-------- STUDY MATERIAL --------

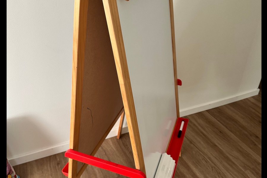 Målarstaffli i trä med en vit tavla på ena sidan och en pappersrulle på toppen. Staffliet har en röd hylla för kritor eller pennor.
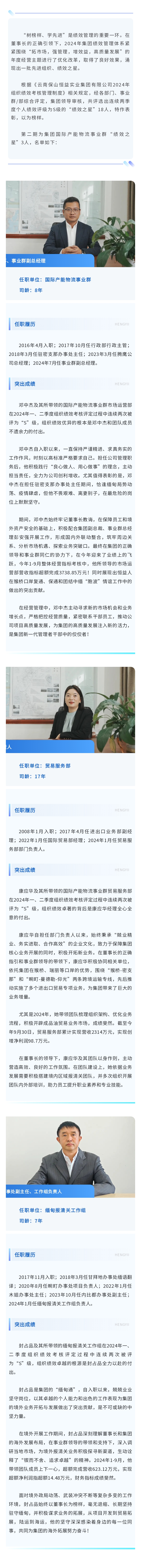 恒以致遠(yuǎn) 踔厲奮發(fā)丨恒益“績效之星”(第二期):國際產(chǎn)能物流事業(yè)群 來源: 瀏覽量:3576 日期:2024-11-06 分享到: 上一篇:恒以致遠(yuǎn) 踔厲奮發(fā)丨恒益“績效之星”(第三期):文旅康養(yǎng)事業(yè)群 下一篇:跟著賽事去旅行丨2024七彩云南格蘭芬多自行車賽,騰沖東山等你來戰(zhàn)!
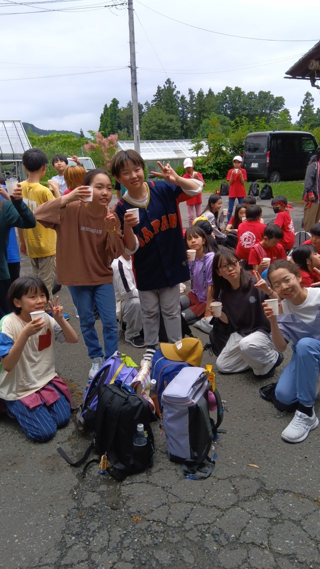 お話を聞いたあと、果樹園産のリンゴジュースをいただきました。あちこちで、「おいしい〜!」という声が上がっていました。
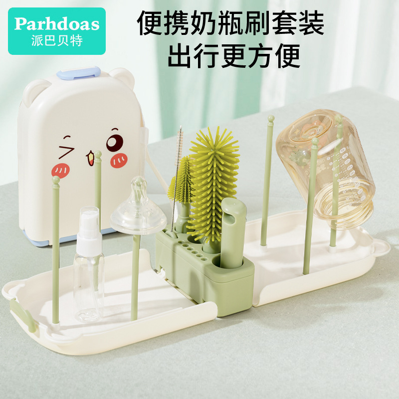 パイバーベット ポータブルボトルブラシセット 排水ラック+ボトルボトル洗浄ブラシ トラベルサイズ 75435
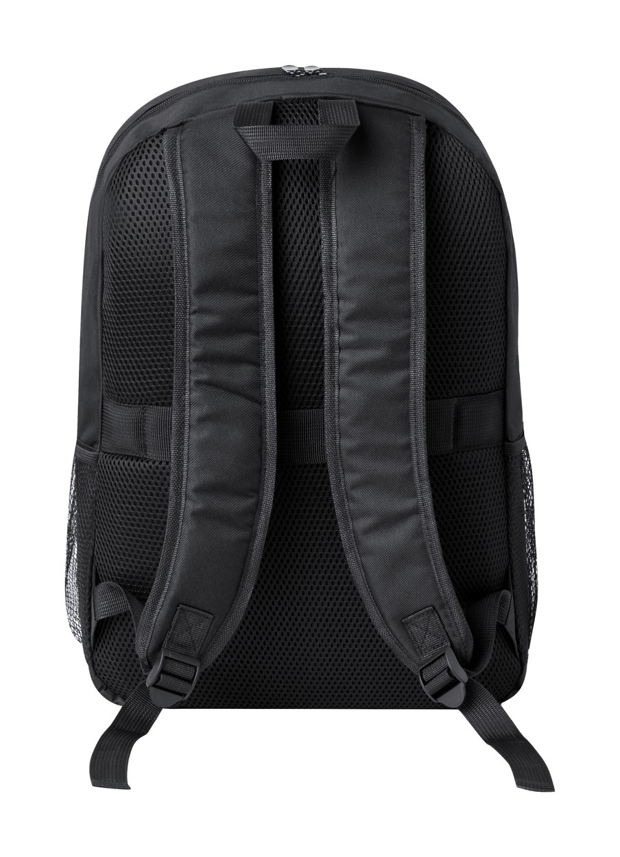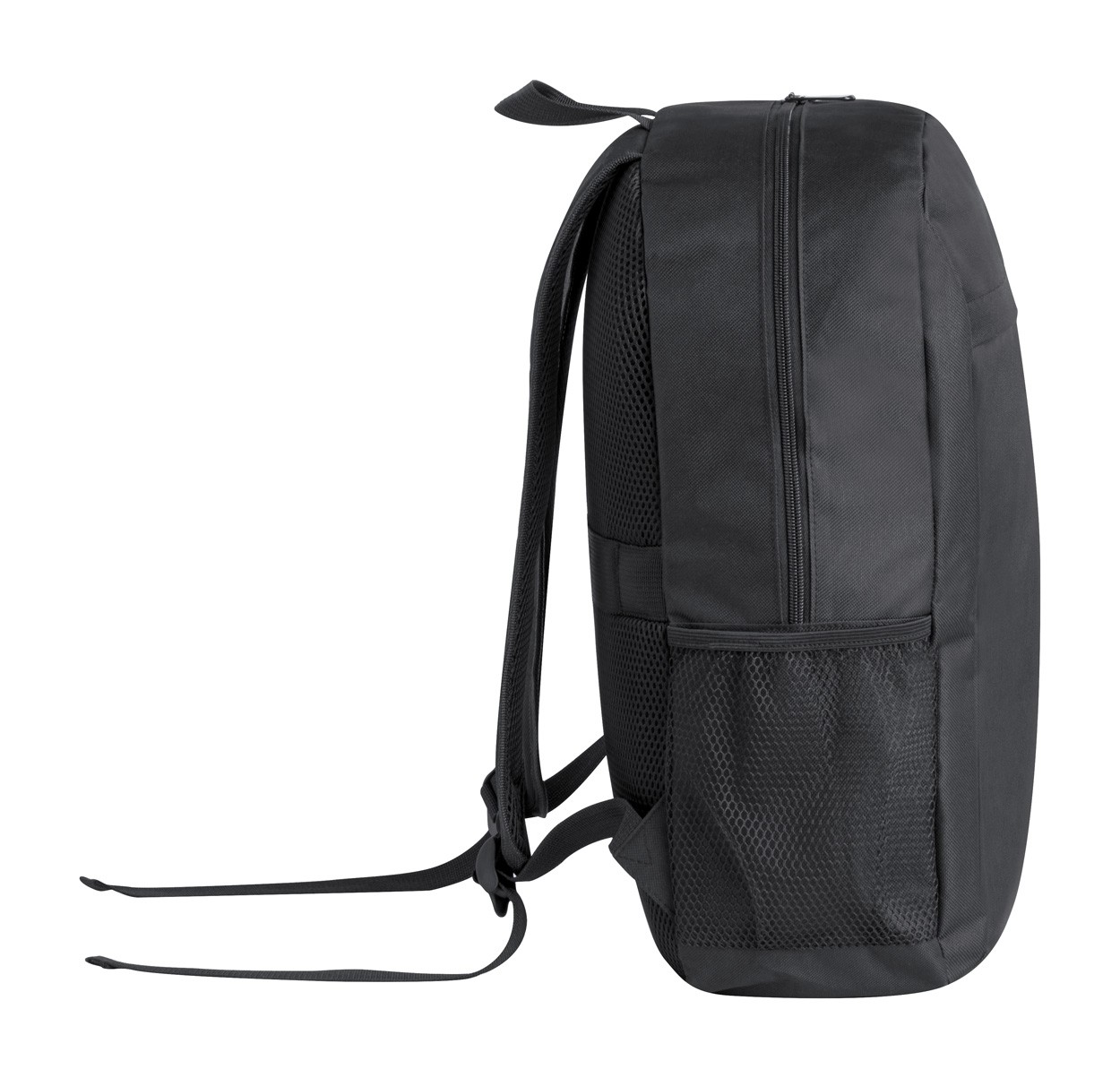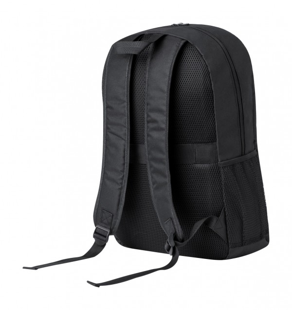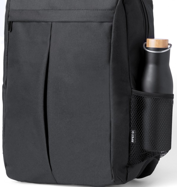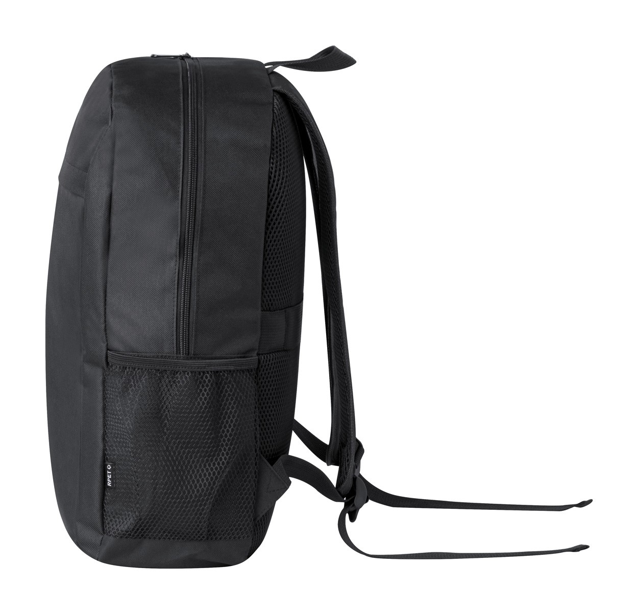 RPET backpack with zipped compartments, padded laptop (15") and tablet (10") compartment, side mesh pockets, padded back and shoulder straps. 600D RPET polyester with distinctive RPET label.
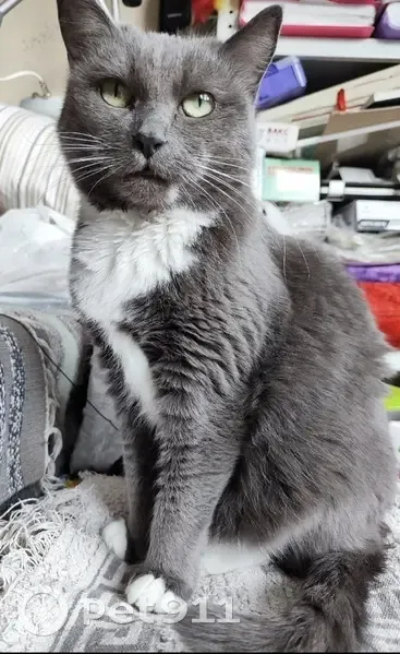 Кошка, 10 лет, окрас темно серый с белыми носочками грудкой и пузиком, домашняя. Похожа на голубую или британскую породу .Кошка пугливая, стрессовая, к чужим не идет,но ласковая. Жила вместе с котом в другом районе Москвы.Попала в этот район на время, т. К. Хозяйка госпитализировалась.
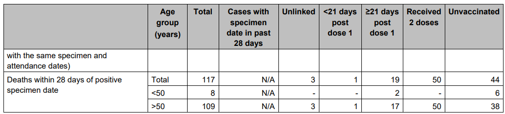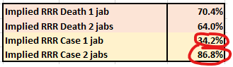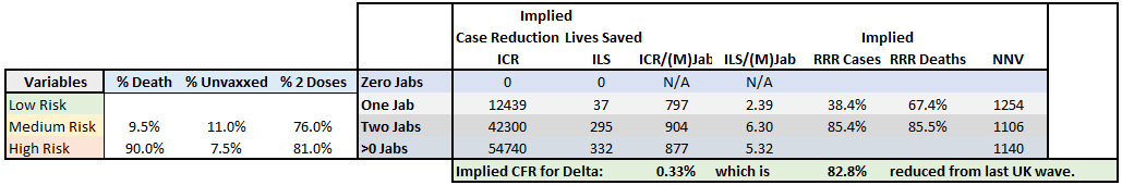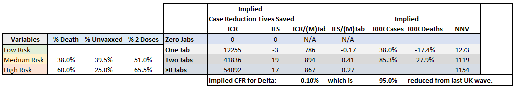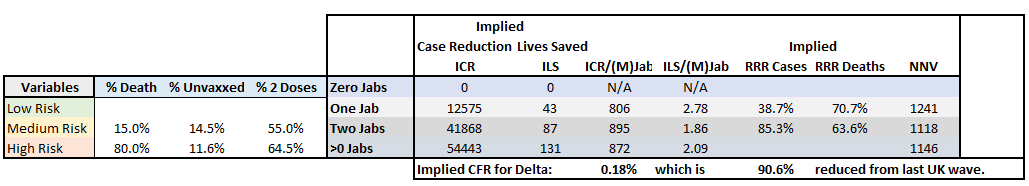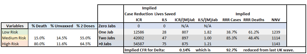 The relative risk reductions (RRRs) for 1 and 2 jabs look slightly better than last time, but the vaccine efficacy in stopping mortality looks a little worse than last time (70.7% and 63.6% RRR). Notice that the Delta variant looks to be 90.6% less deadly in this case output. That's great news!
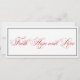 Tal como adaptado de 1 Corinthians 13, este elegante convite para o casamento branco e preto para a Fé vermelha, Hope e Love curly manuscrito é a escolha ideal para o casamento cristão moderno. Veja o conjunto completo de opções de convite e acessório na loja Zazzle, o Graphic Suite.
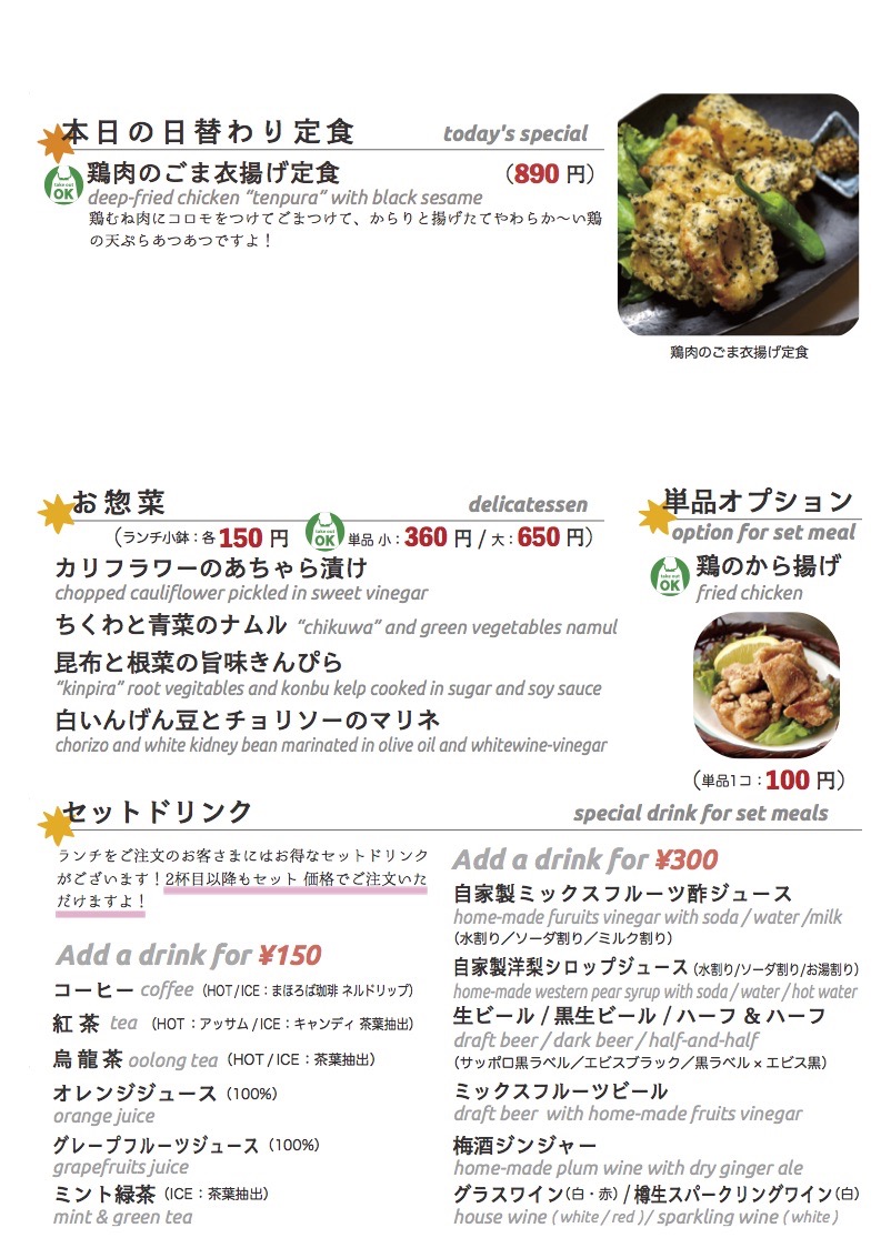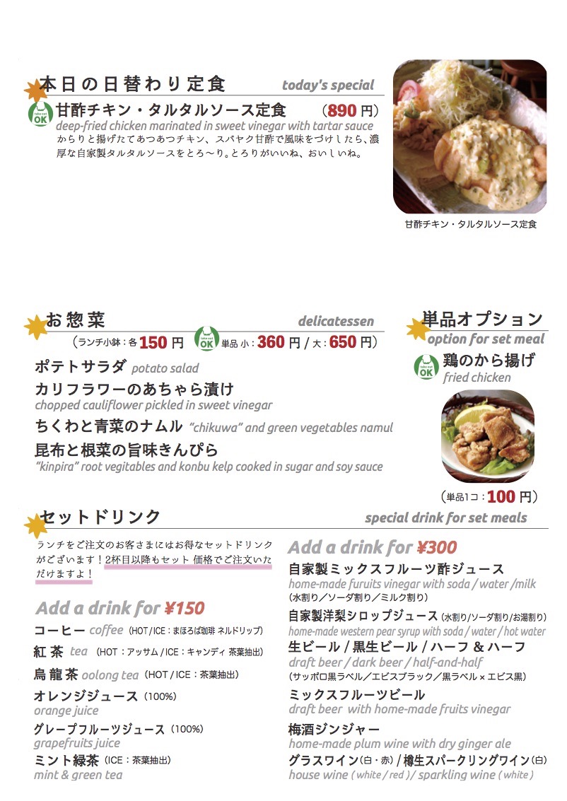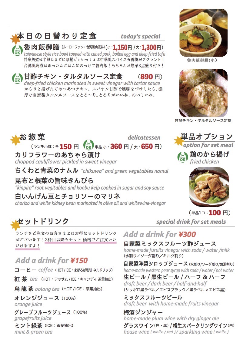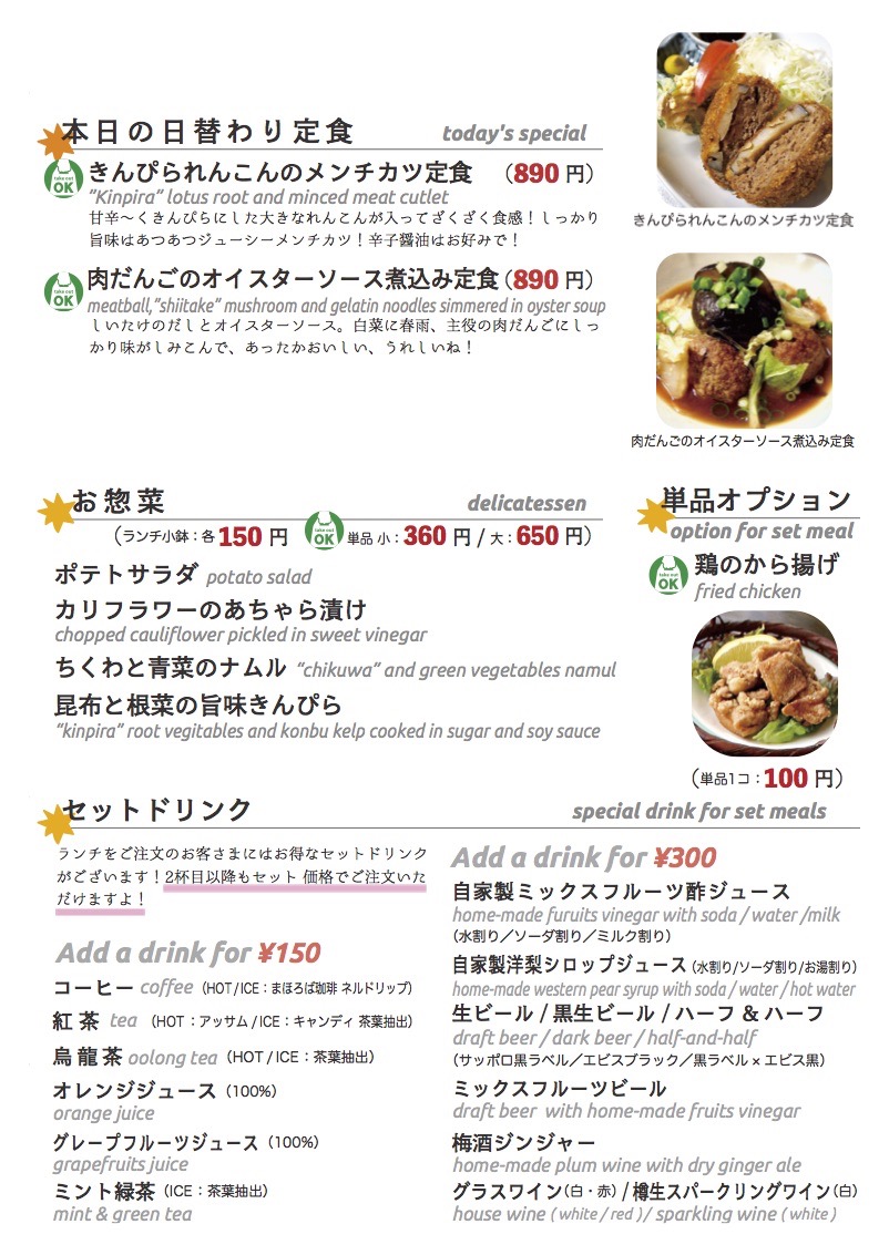 (お持ち帰り定番メニューやご利用方法などはこちらをどうぞ)
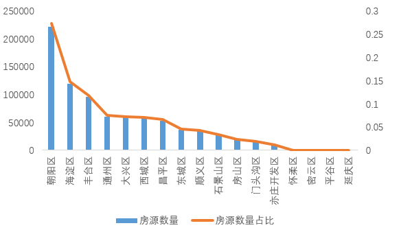 一 北京的租赁房源位置分布:朝阳区房源最多,5-6环之间占比最高
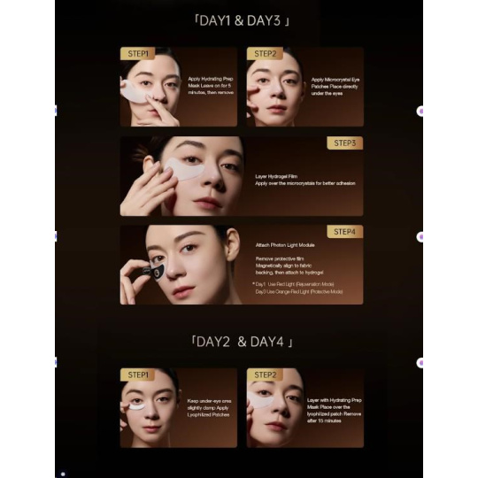 - Den 2 a 4 (Intenzivní výživa): Aplikujete lyofilizované náplasti s hydrolyzovaným kolagenem a peptidy a překryjete je hydratační maskou na 15 minut.

--------

> EXERCISE PROMPT
Every line above should be duplicated exactly; the pictures are to be left out.

> COMPLETED EXERCISE
 Målarstaffli i trä med en vit tavla på ena sidan och en pappersrulle på toppen. Staffliet har en röd hylla för kritor eller pennor.
 恒以致遠(yuǎn) 踔厲奮發(fā)丨恒益“績效之星”(第二期):國際產(chǎn)能物流事業(yè)群 來源: 瀏覽量:3576 日期:2024-11-06 分享到: 上一篇:恒以致遠(yuǎn) 踔厲奮發(fā)丨恒益“績效之星”(第三期):文旅康養(yǎng)事業(yè)群 下一篇:跟著賽事去旅行丨2024七彩云南格蘭芬多自行車賽,騰沖東山等你來戰(zhàn)!
 お話を聞いたあと、果樹園産のリンゴジュースをいただきました。あちこちで、「おいしい〜!」という声が上がっていました。
 パイバーベット ポータブルボトルブラシセット 排水ラック+ボトルボトル洗浄ブラシ トラベルサイズ 75435
 RPET backpack with zipped compartments, padded laptop (15") and tablet (10") compartment, side mesh pockets, padded back and shoulder straps. 600D RPET polyester with distinctive RPET label.
 Кошка, 10 лет, окрас темно серый с белыми носочками грудкой и пузиком, домашняя. Похожа на голубую или британскую породу .Кошка пугливая, стрессовая, к чужим не идет,но ласковая. Жила вместе с котом в другом районе Москвы.Попала в этот район на время, т. К. Хозяйка госпитализировалась.
 The relative risk reductions (RRRs) for 1 and 2 jabs look slightly better than last time, but the vaccine efficacy in stopping mortality looks a little worse than last time (70.7% and 63.6% RRR). Notice that the Delta variant looks to be 90.6% less deadly in this case output. That's great news!
 Tal como adaptado de 1 Corinthians 13, este elegante convite para o casamento branco e preto para a Fé vermelha, Hope e Love curly manuscrito é a escolha ideal para o casamento cristão moderno. Veja o conjunto completo de opções de convite e acessório na loja Zazzle, o Graphic Suite.
 (お持ち帰り定番メニューやご利用方法などはこちらをどうぞ)
 一 北京的租赁房源位置分布:朝阳区房源最多,5-6环之间占比最高
 - Den 2 a 4 (Intenzivní výživa): Aplikujete lyofilizované náplasti s hydrolyzovaným kolagenem a peptidy a překryjete je hydratační maskou na 15 minut.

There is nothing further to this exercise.